Take this guy for example:
Ever think he was concerned about gluten free? This was considered hot; Hawt, even. Henry was known as being a real athlete back in the day and ended up having over six different wives at different points in his life, not to mention countless affairs with other women dignitaries of the time. Sure, they all eventually ended up headless but, no doubt, it was just a necessary reaction to stem the flow of hot, desirable women throwing themselves at his desirable “Dad Bod”.
And how about this guy:
Shit, despite his deep love and affinity for deep-fried peanut butter sandwiches, Elvis still maintains a cult following of people who thought of him at the sexiest thing to ever move on God’s green earth. And let me tell you, the only spare tire Elvis ever dragged around was the one around his waist (click HERE).
So how did this whole fat trend come about anyway?

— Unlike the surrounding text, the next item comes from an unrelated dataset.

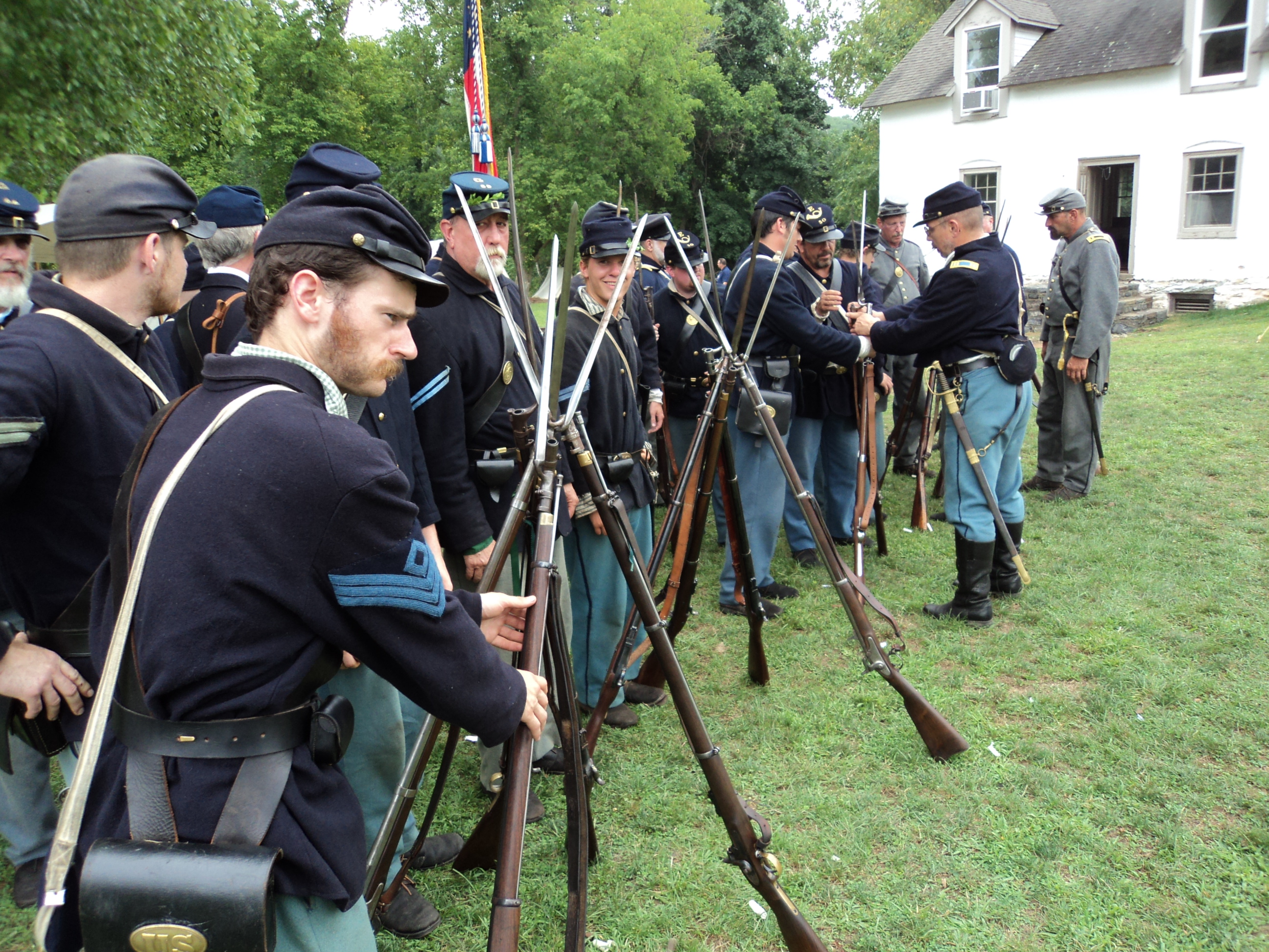 Rifles are stacked while we await the word of the scouts before marching into battle

Well, apparently, if you are to believe Ms. Pearson’s article, it has less to do with a changing of fashionable sexual stereotypes then it does with women just being insecure. They want to feel “pretty” and be the “center of attention”, so being seen next to a guy who looks like a clay sculpture that’s been left out in the sun is the way to achieve that feeling of self worth.

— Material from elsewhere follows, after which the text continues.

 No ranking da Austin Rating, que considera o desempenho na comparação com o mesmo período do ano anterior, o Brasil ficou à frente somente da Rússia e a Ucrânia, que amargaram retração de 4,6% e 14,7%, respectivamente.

Is that why Kelly hooked up with me?
Shoot. Me. Now.
So, basically, twenty-something dudes are now sitting around drinking $4 pitches on a Friday night instead of hitting the gym or, god forbid, running/cycling/swimming. Dammit! When was somebody going to send me the memo? And here I’ve been wasting all my time in actually trying to lose weight.
What an idiot.
But you know what? Maybe I’m actually looking at this thing all wrong.

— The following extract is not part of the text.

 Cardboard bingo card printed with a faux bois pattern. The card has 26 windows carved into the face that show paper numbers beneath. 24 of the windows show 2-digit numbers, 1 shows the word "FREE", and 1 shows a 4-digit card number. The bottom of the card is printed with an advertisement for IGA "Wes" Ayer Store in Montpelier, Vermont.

Upon closer reflection, I’m actually okay with all the young dudes sitting around getting fat and lazy. In fact, you guys keep doing that. Have another beer. Shit, make it a double. Biggie-Size your fries and add extra bacon to your burger while you’re at it. Pass on the chicken breasts and egg-white omelets; milk it for all it’s worth, kids. And while you’re doing that, I’ll keep running my intervals, working on my swim technique, cycling my hill repeats and continuing my quest to get all thin and – apparently – “unsexy”.
I guess that makes me the “Dad Bod” in reverse seeing as how I’ve worked hard just to get to this point. Kinda like the Reverse Flash, only fatter and in banana yellow track pants as opposed to leotard. Providing this trend keeps up, maybe I just might actually have a chance at successfully accomplishing this whole Kona thing. After all, when it comes to a battle of the fat guys at the starting line of any Ironman or triathlon, I might just have a fighting chance. If not, I always have a promising future in competitive eating.
So bulk up boys and make your prissy princess girlfriends happy. I’ll see you on the starting line…or not.
Either way, I’m liking my new-found chances.